- Exercise prompt
Please output the listing exactly as it stands, but omit any images.

- Available data
==========
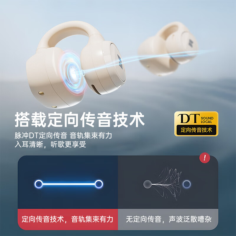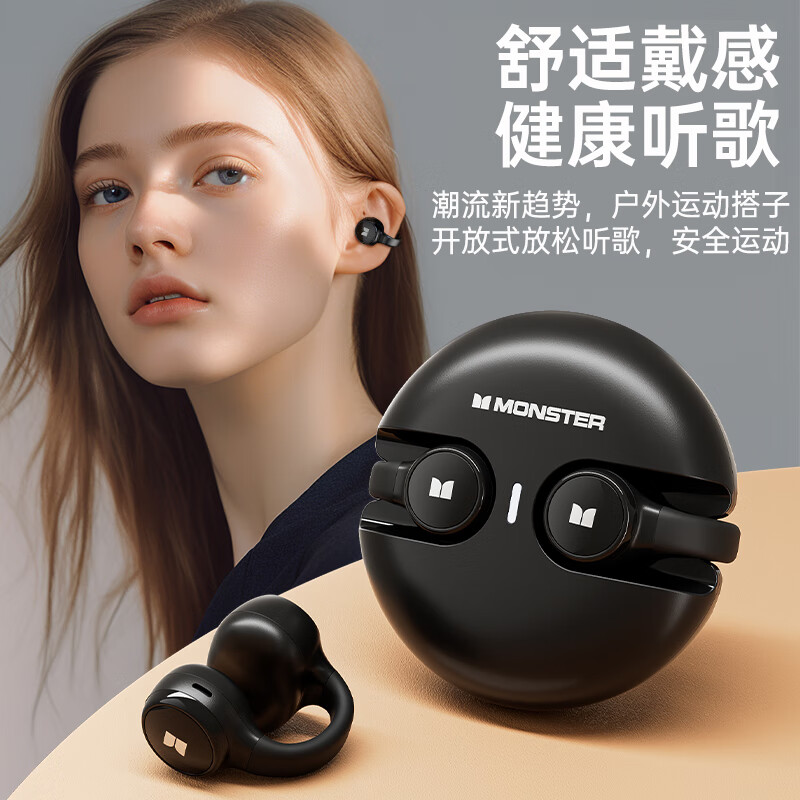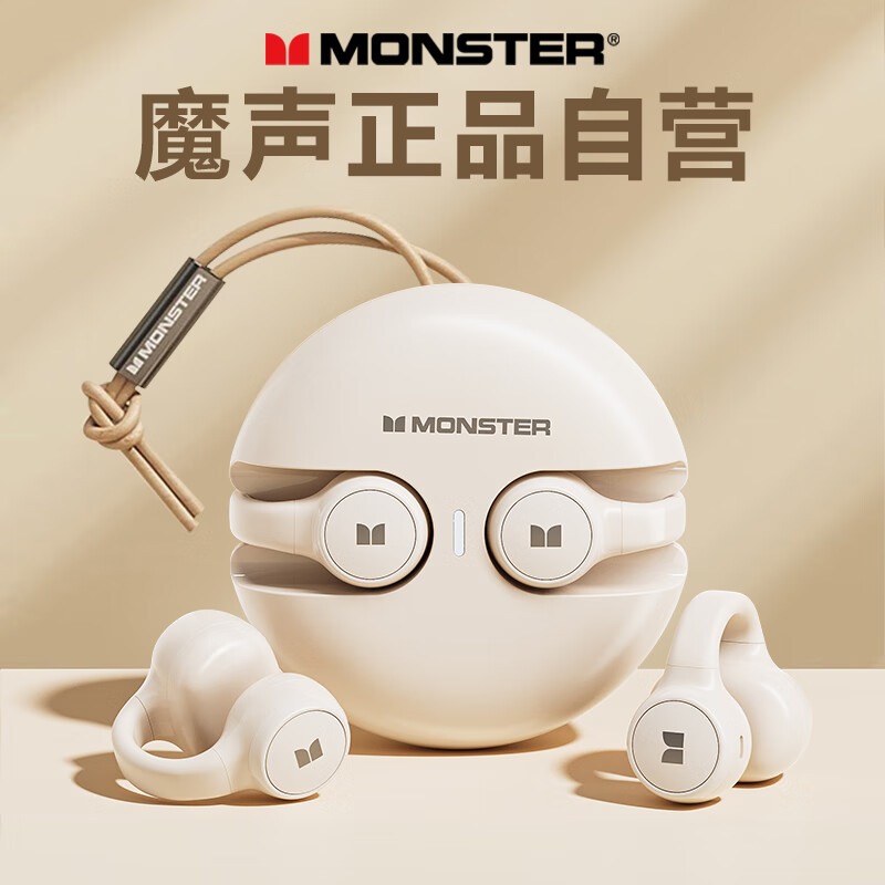 魔声(MONSTER)开放式蓝牙耳机 骨传导概念无线夹耳式不入耳运动跑步通话降噪音乐长续航 XKT21米色价格:98.80元!
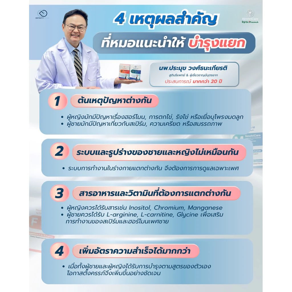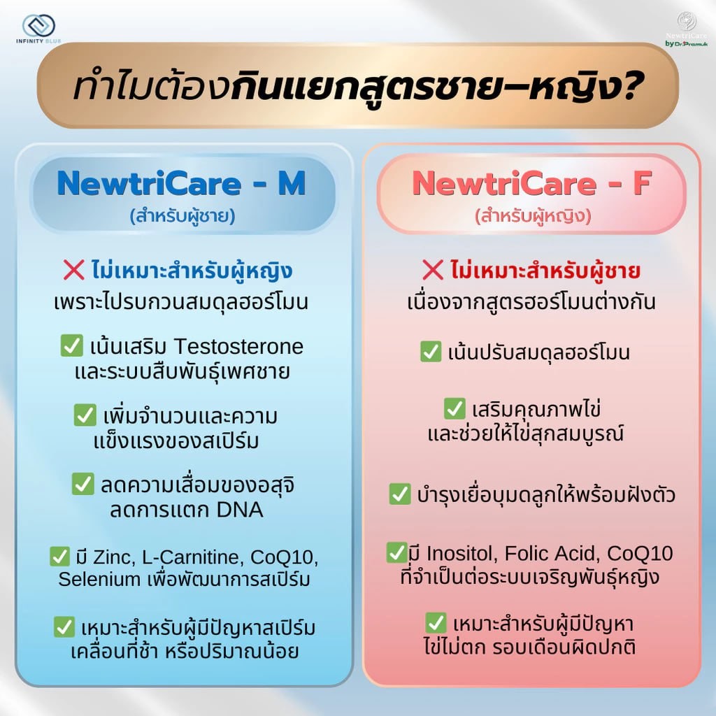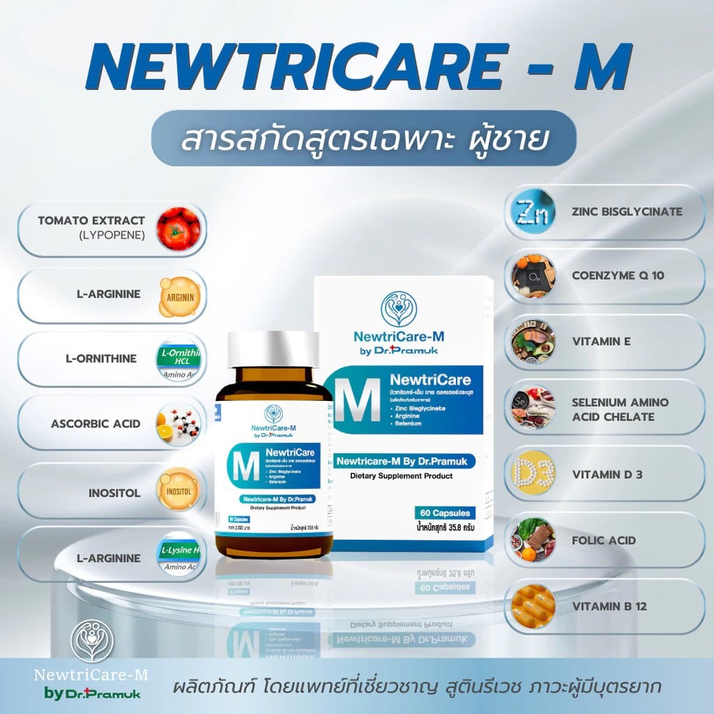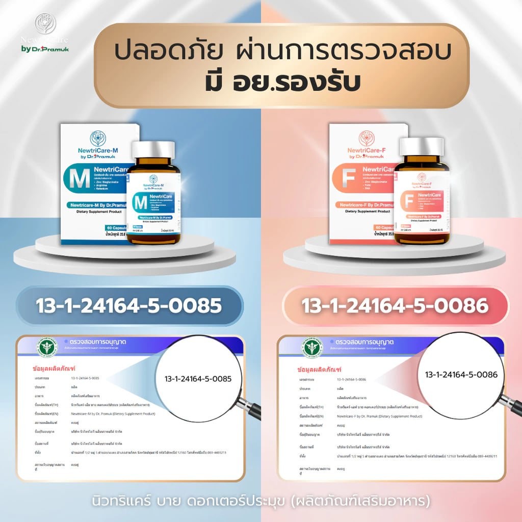 (สินค้าใหม่!!!) Newtricare-M + Newtricare-F by Dr.Pramuk ผลิตภัณฑ์เสริม วิตามินสำหรับผู้ชายและผู้หญิงที่อยากมีบุตร ฮอร์โมนสมดุล ร่างกายเเข็งเเรง (1กระปุก/60เม็ด)
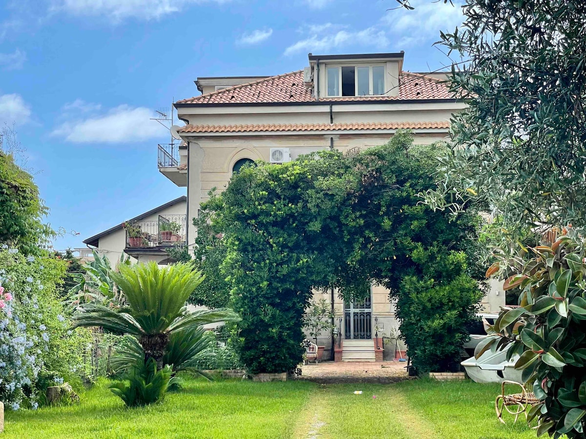 Costa degli Dei, få meter fra sandstrande og krystalklart hav, i en gammel villa med en stor have, en meget lys lejlighed, havudsigt og betagende solnedgange over Stromboli-vulkanen, møbleret med kærlighed og alle bekvemmeligheder. Et sted at slappe af med en varm velkomst. 2 dobbeltværelser, 1 værelse med to enkeltsenge, 2 badeværelser, stor stue-køkken, afslapningshjørne, spisestue, terrasse med siddeområde. Lamezia 15 km - Tog 100 m - Omsætning til Æoliske 3 km - Tropea 18 km. Jeg glæder mig til at se dig med en vis glæde, der vil forblive i dit hjerte.
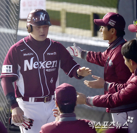 [엑스포츠뉴스=김한준 기자] 30일 오후 서울 송파구 잠실야구장에서 열린  '2014 한국 야쿠르트 세븐 프로야구' 플레이오프 3차전 넥센 히어로즈와 LG 트윈스의 경기, 5회초 무사 2,3루 넥센 이성열이 박동원의 2타점 2루타때 득점에 성공한 후 염경엽 감독과 하이파이브를 하고 있다.
==========
- Answer box
 魔声(MONSTER)开放式蓝牙耳机 骨传导概念无线夹耳式不入耳运动跑步通话降噪音乐长续航 XKT21米色价格:98.80元!
 (สินค้าใหม่!!!) Newtricare-M + Newtricare-F by Dr.Pramuk ผลิตภัณฑ์เสริม วิตามินสำหรับผู้ชายและผู้หญิงที่อยากมีบุตร ฮอร์โมนสมดุล ร่างกายเเข็งเเรง (1กระปุก/60เม็ด)
 Costa degli Dei, få meter fra sandstrande og krystalklart hav, i en gammel villa med en stor have, en meget lys lejlighed, havudsigt og betagende solnedgange over Stromboli-vulkanen, møbleret med kærlighed og alle bekvemmeligheder. Et sted at slappe af med en varm velkomst. 2 dobbeltværelser, 1 værelse med to enkeltsenge, 2 badeværelser, stor stue-køkken, afslapningshjørne, spisestue, terrasse med siddeområde. Lamezia 15 km - Tog 100 m - Omsætning til Æoliske 3 km - Tropea 18 km. Jeg glæder mig til at se dig med en vis glæde, der vil forblive i dit hjerte.
 [엑스포츠뉴스=김한준 기자] 30일 오후 서울 송파구 잠실야구장에서 열린  '2014 한국 야쿠르트 세븐 프로야구' 플레이오프 3차전 넥센 히어로즈와 LG 트윈스의 경기, 5회초 무사 2,3루 넥센 이성열이 박동원의 2타점 2루타때 득점에 성공한 후 염경엽 감독과 하이파이브를 하고 있다.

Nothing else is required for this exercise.